Inference in the Bernoulli Model

Mark Andrews

The posterior distribution

With \(m = 139\) successes, \(n = 250\) trials, and a \(\text{Beta}(3, 5)\) prior:

\[\theta \mid m, n \sim \text{Beta}(142, 116)\]

bernoulli_posterior_plot(n = 250, m = 139, alpha = 3, beta = 5)

The uniform prior

bernoulli_posterior_plot(n = 250, m = 139, alpha = 1, beta = 1)

With 250 observations, prior has little influence
Posterior \(\approx\) normalised likelihood

Point estimates

MAP (maximum a posteriori): mode of the posterior
Posterior mean: mean of the posterior
Both converge to the MLE \(m/n\) as data dominate

\[ \begin{align*} \langle \theta \rangle &= \frac{m + \alpha}{n + \alpha + \beta} \\[6pt] \mathrm{V}(\theta) &= \frac{(m + \alpha)(n - m + \beta)}{(n + \alpha + \beta)^2\,(n + \alpha + \beta + 1)} \\[6pt] \mathrm{mode}(\theta) &= \frac{m + \alpha - 1}{n + \alpha + \beta - 2} \end{align*} \]

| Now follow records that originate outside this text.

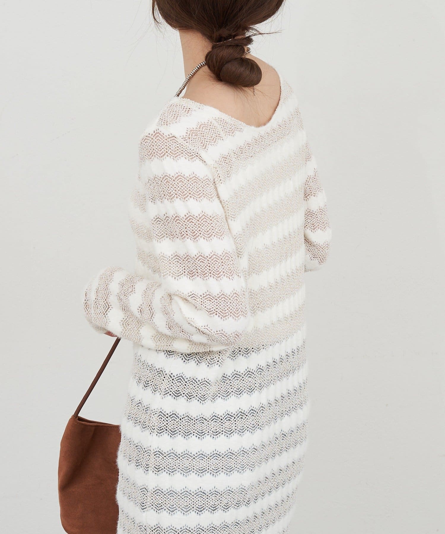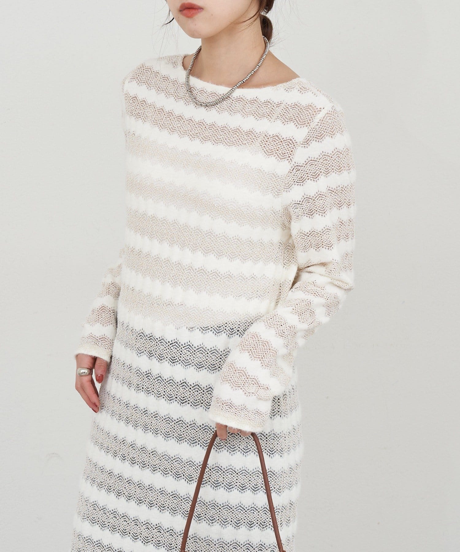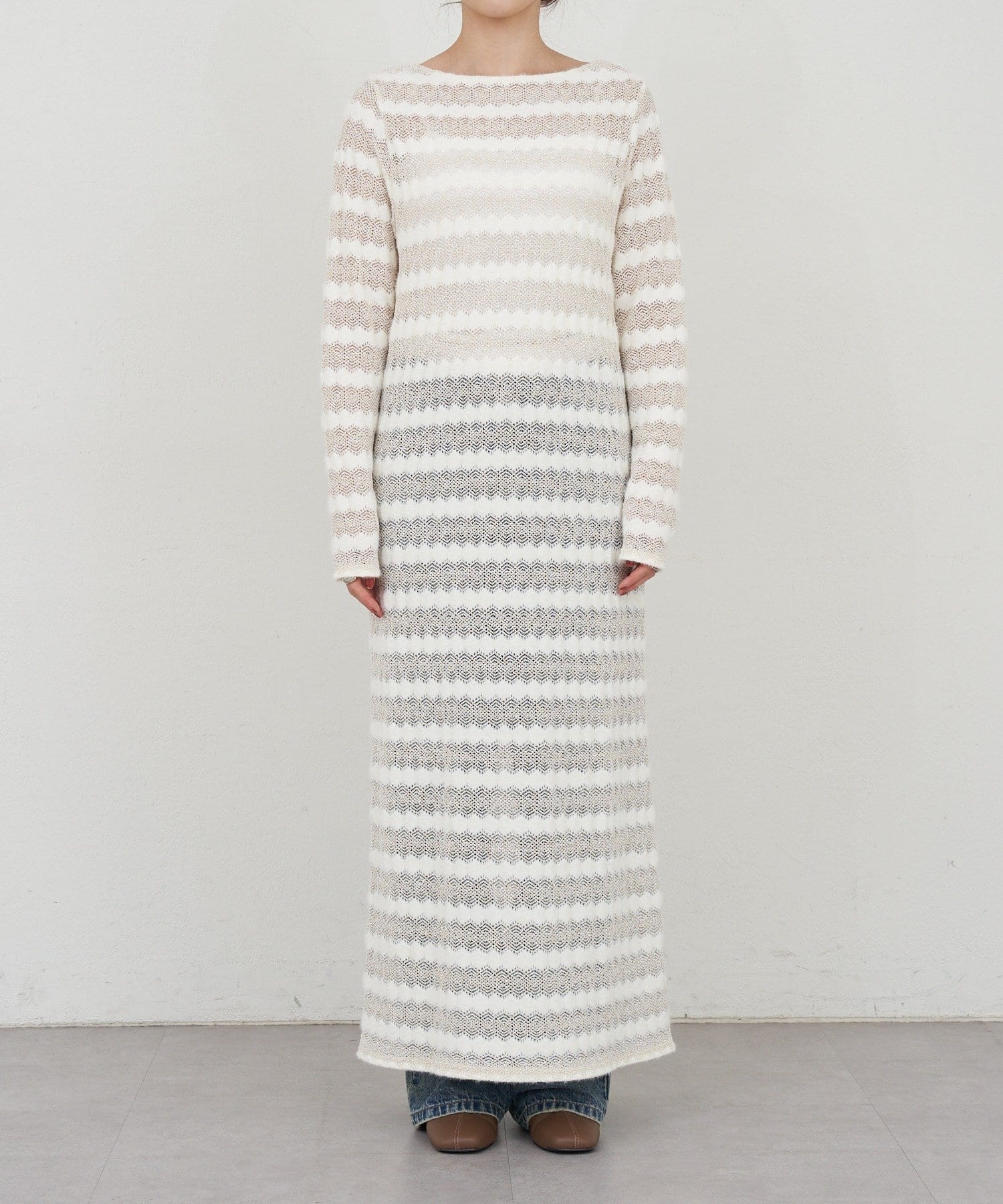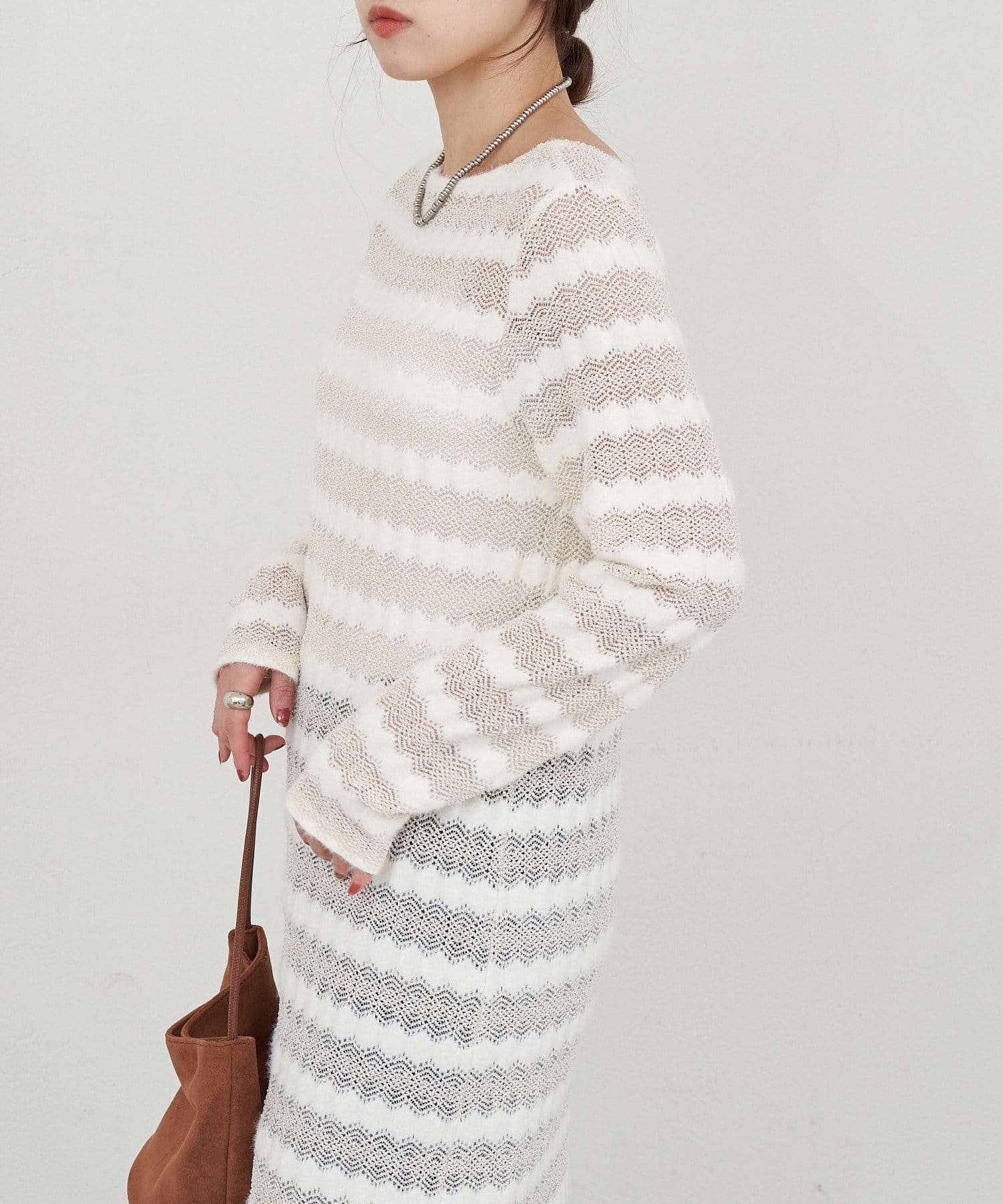 程よい透け感のニットが大人っぽい雰囲気のワンピース。
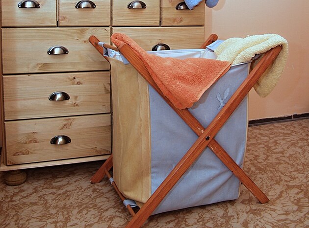 Do malé koupelny i do většího prostoru užijeme skládací koš na prádlo, který se, když jej nepoužíváme, dá složit naplocho a nezabírá zbytečně místo. Ať už jej použijeme na prádlo špinavé nebo čerstvě vyprané a usušené čekající na žehlení, výhodou je, že prádlo bude větrat.
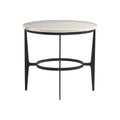 A sleek circular glass top with thin metal legs and a lower ring for support, combining functionality with a light aesthetic.
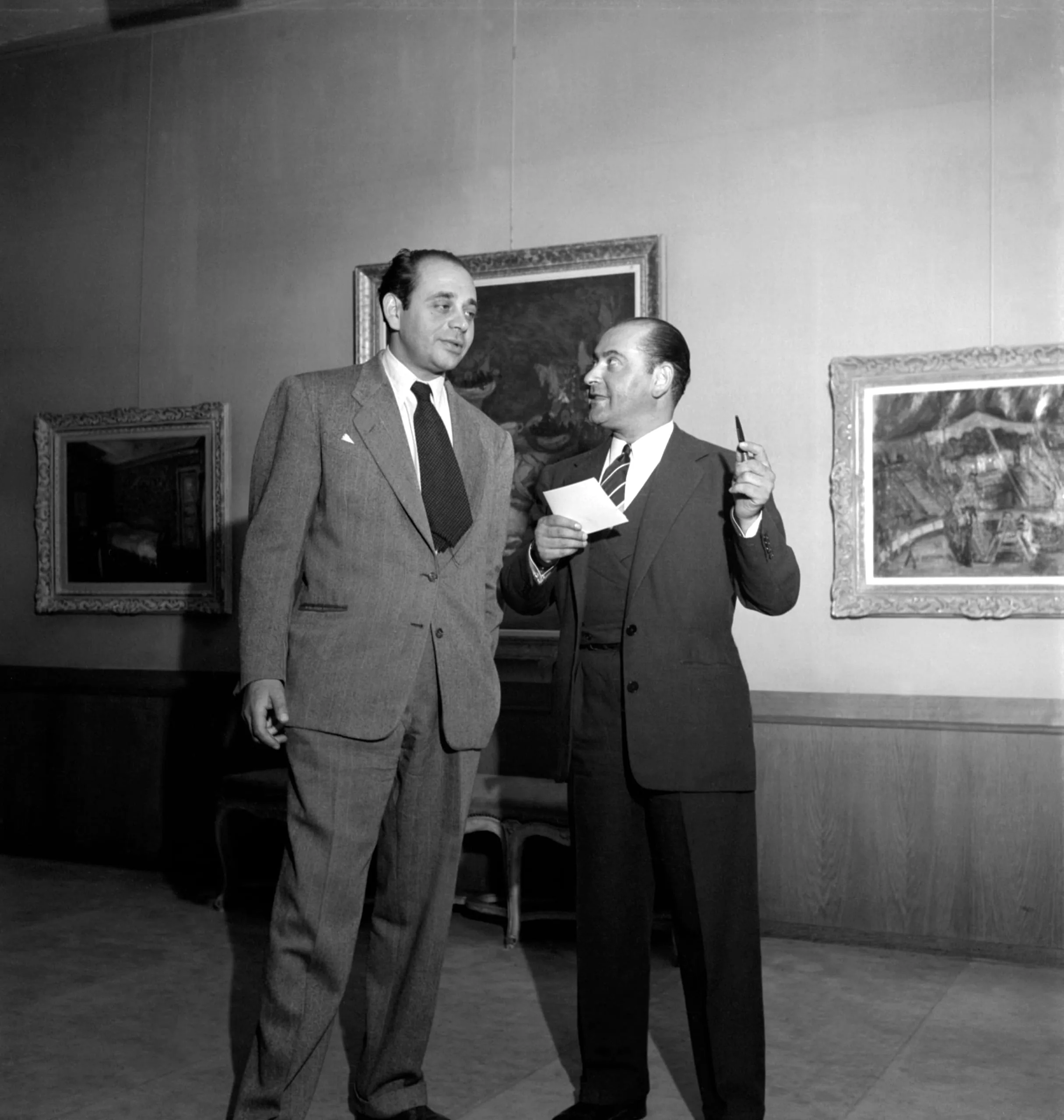 Black and white photograph of two men in suits standing in a gallery, one holding a card and raising a pen, paintings visible on the wall behind them
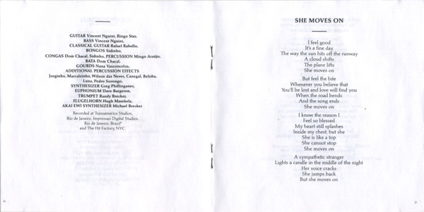 The musical styles on The Rhythm of the Saints are, however, not uniformly Brazilian. Ringo Starr contributes drums on "Further to Fly"; US saxophonist Michael Brecker and other horn players also contribute as session musicians (for example, on "Proof"), as well as American roots rock guitarist J. J. Cale, R&B keyboards player Greg Phillinganes and jazz drummer Steve Gadd. Art rock guitarist and synth player Adrian Belew, who played on Graceland, is credited on "Spirit Voices". There are also many backing vocals on The Rhythm of the Saints, such as "She Moves On", a duet with Charlotte Mbango.
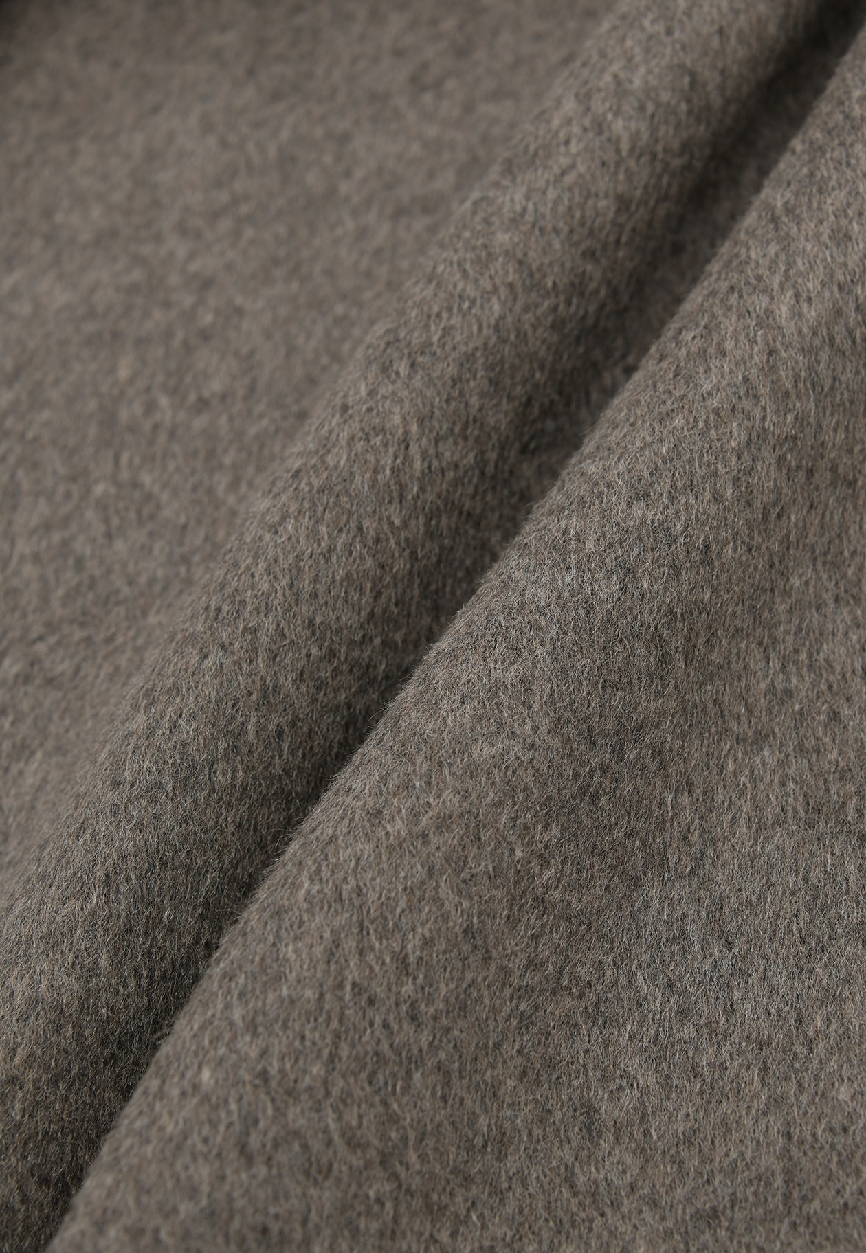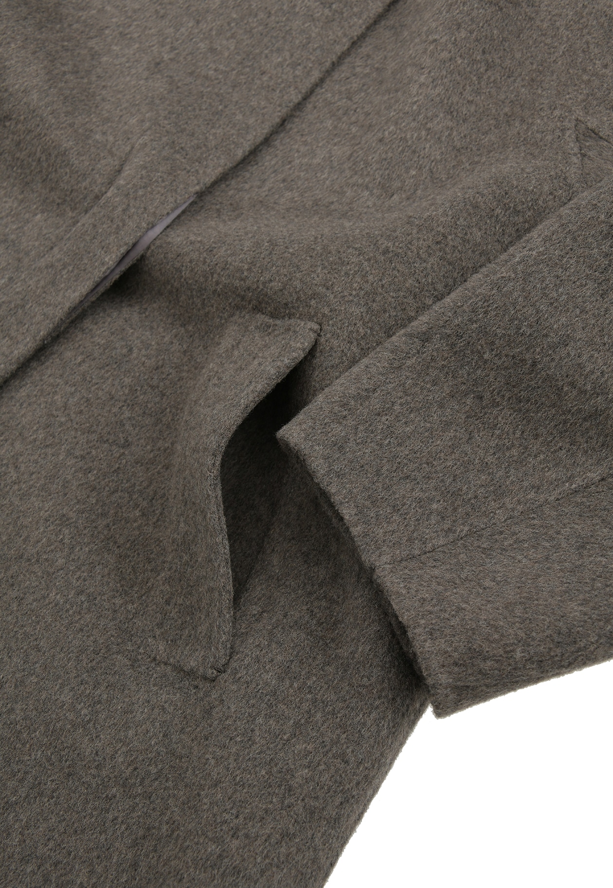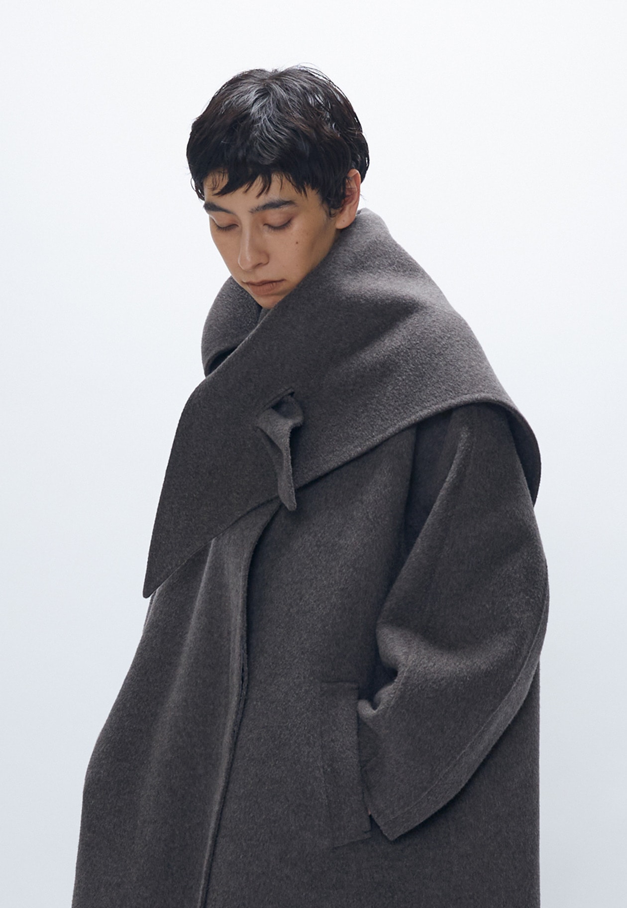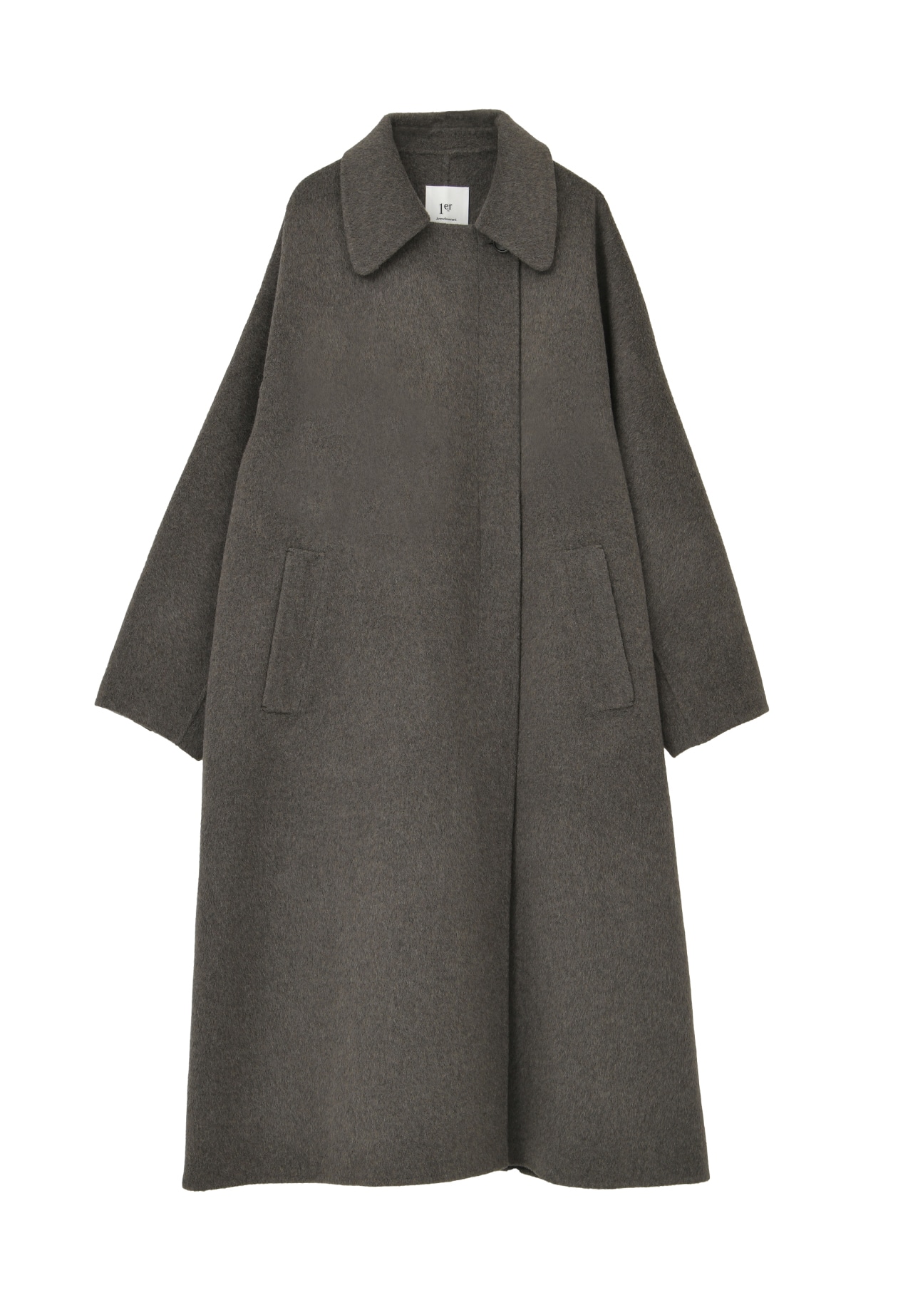 TOP糸を使用することで奥行きのある色合いを表現し、さらに艶とふくらみを持たせる高級仕上げ「両面シャルム」で仕立てたステンカラーコート。

bernoulli_posterior_summary(n, m, alpha = 3, beta = 5)

$mean
[1] 0.5503876

$var
[1] 0.0009554482

$sd
[1] 0.03091033

$mode
[1] 0.5507812

$qi
[1] 0.4894851 0.6105500

Credible intervals

A 95% credible interval contains 95% of the posterior probability. This is a direct statement: we assign 95% probability to \(\theta\) lying in the interval.

Compare with a frequentist confidence interval: it refers to the long-run coverage of the procedure, not to the probability that the parameter is in any given interval.

Quantile-based intervals

qbeta(0.025, m + 1, n - m + 1)

[1] 0.493961

qbeta(0.975, m + 1, n - m + 1)

[1] 0.6163147

Takes the 2.5th and 97.5th percentiles of the posterior.

Highest posterior density intervals

The shortest interval containing the specified mass
Equal-tailed and HPD intervals coincide for symmetric posteriors
For skewed or multimodal posteriors they differ

get_beta_hpd(m + 1, n - m + 1)

$lb
[1] 0.4943

$ub
[1] 0.6166

$p_star
[1] 1.887

Posterior intervals illustrated

[Diagram: bimodal posterior with tail regions shaded at 2.5%, two upward arrows marking the 2.5th and 97.5th percentile boundaries]

Monte Carlo as a preview

If we can sample from a distribution, we can approximate any quantity.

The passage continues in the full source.